Residents care for patients with a wide variety of clinical entities including diabetes, hypertension, hyperlipidemia, coronary artery disease, CVAs, CHF, COPD, asthma, GERD, chronic renal insufficiency, dementia, arthritis, UTIs, bronchitis, and many others.  Urgent Care patients share many of the same diagnoses, but they have more acute complaints.  Residents care for a diverse patient population with respect to age and ethnicity.  Tobacco, alcohol, and other substance abuse is quite prevalent in this population.

Patient Characteristics:

Residents care for a diverse patient population with respect to age, ethnicity, and gender.  The majority of the patients are older adults; however significant numbers of adolescent and younger adults are also represented.

Types of Clinical Encounters:

The rotation takes place in the VAPC and VA Urgent Care.  Residents evaluate new patients, routine return visits, and acute sick visits.  The resident often must decide whether to treat in the outpatient setting or to admit to the hospital.  Preventative medicine is stressed with each encounter.

Procedures and Services:

Residents often have the opportunity to perform many procedures on the VAPC/Urgent Care rotation.  Common procedures include arthrocentesis, joint injections, and paracentesis.  Central Venous catheter placement is rarely performed in this setting as well.  Interns and residents are expected to interpret all EKGs and chest x-rays performed on their patients.

Supervision:

All procedures are appropriately supervised by the attending physician.  There are approximately four upper level residents and two interns assigned to the VAPC rotation each month.  These residents independently evaluate patients as noted above.  Interns have a similar role, though they are more carefully supervised.  All patients are then presented to the attending physician.  The attending physician directly supervises patient care and all procedures.  As the resident’s skills advance, the attending physician may not see each patient with the resident.  Third year medical students and PA students are also assigned to the VAPC each month and the resident actively participates in educating and supervising the students.  The resident interacts with the entire interdisciplinary team including the clinical pharmacists, the psychiatrist, the social worker, nurse case managers, nurse practitioners, and physician assistants.

Educational Resources to be Used and Reading Lists:

The VAPC has a wide selection of texts including Primary Care, Office Orthopedic, Dermatology, Psychiatry, Ophthalmology, and office Gynecology texts.  Computer based search engines are available in the clinic and residents often search the literature on the VAPC rotation.

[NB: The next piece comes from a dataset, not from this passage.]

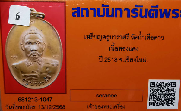 เหรียญครูบาราศรี วัดถ้ำเสือดาว เนื้อทองแดง ห่วงเดิม ปี2518 จ.เชียงใหม่ + บัตรG-pra สภาพเดิมค่ะ |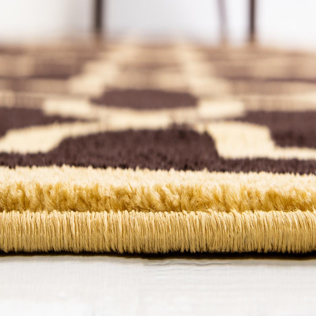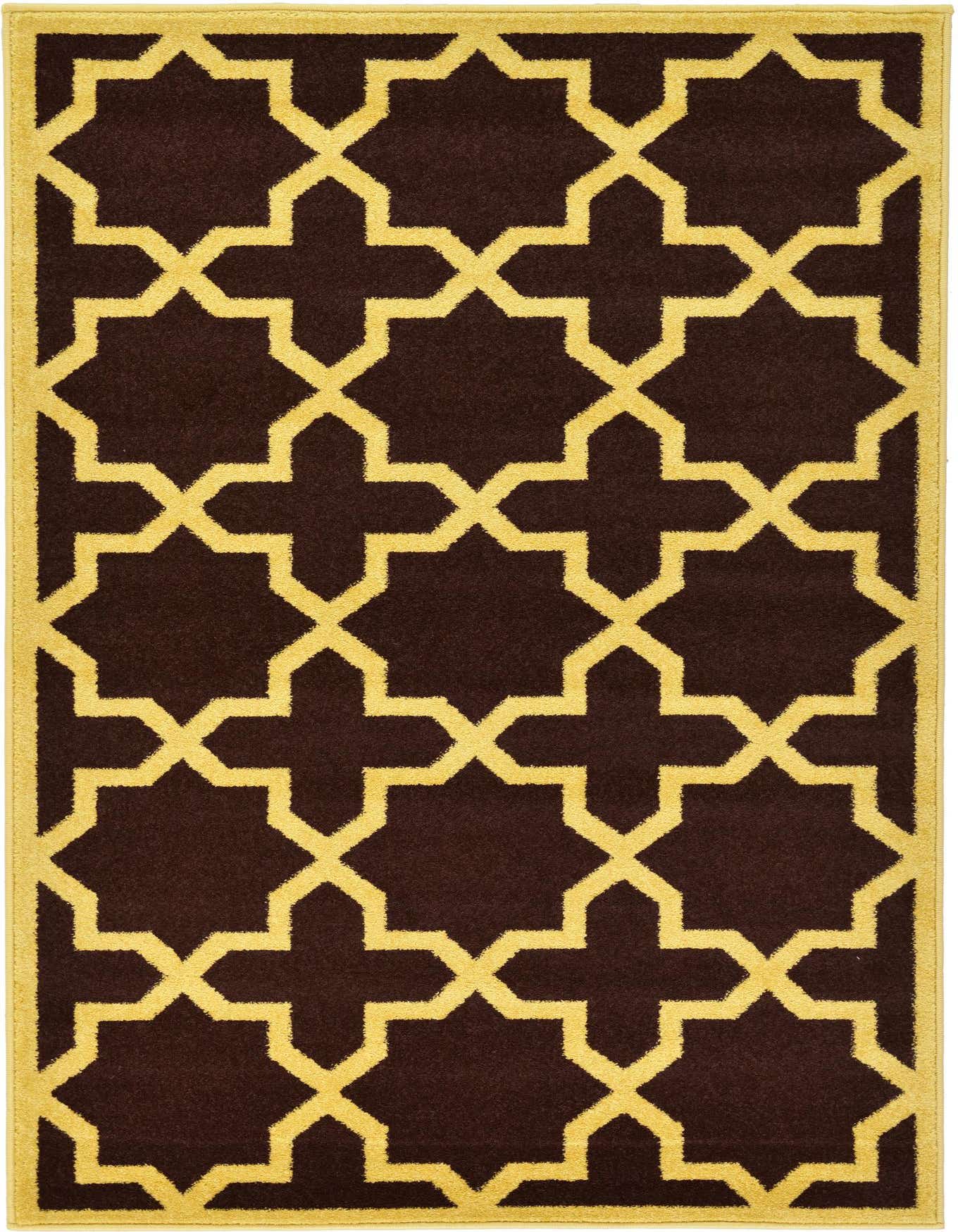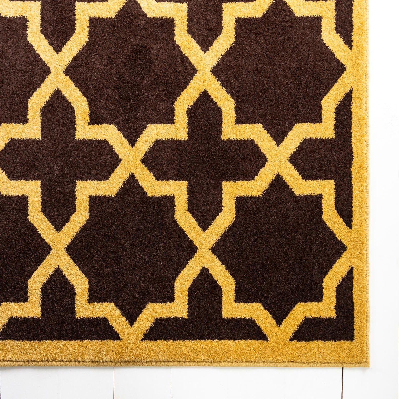 Primary color is Brown. Colors in this rug include: Brown, Yellow.

Method of Evaluation of Resident Competence:

Residents are evaluated using the global evaluation form.  The Mini-CEX will be administered on this service as well.  Patient Care is assessed based on direct observation and complete review of all records.  Medical Knowledge is assessed through direct questioning, observation, and morning report participation.  Interpersonal Skills and Communication is assessed by observation of interactions with patients and families.  Role playing and trigger tapes are used in the doctor-patient communication sessions.  The attending physician evaluates Professionalism through direct interaction and observation of the resident.  Systems-Based Practice is evaluated based on interactions with the interdisciplinary team and their ability to access resources in caring for underserved patients.  Practice-Based Learning is evaluated based on the ability to consult the literature and to improve their performance throughout the rotation.  Residents receive formative evaluation throughout the month.

The residents evaluate the rotation and the attending physicians through the E*Value system.  The General Medicine Division reviews the rotation evaluations and each attending anonymously receives his or her evaluations.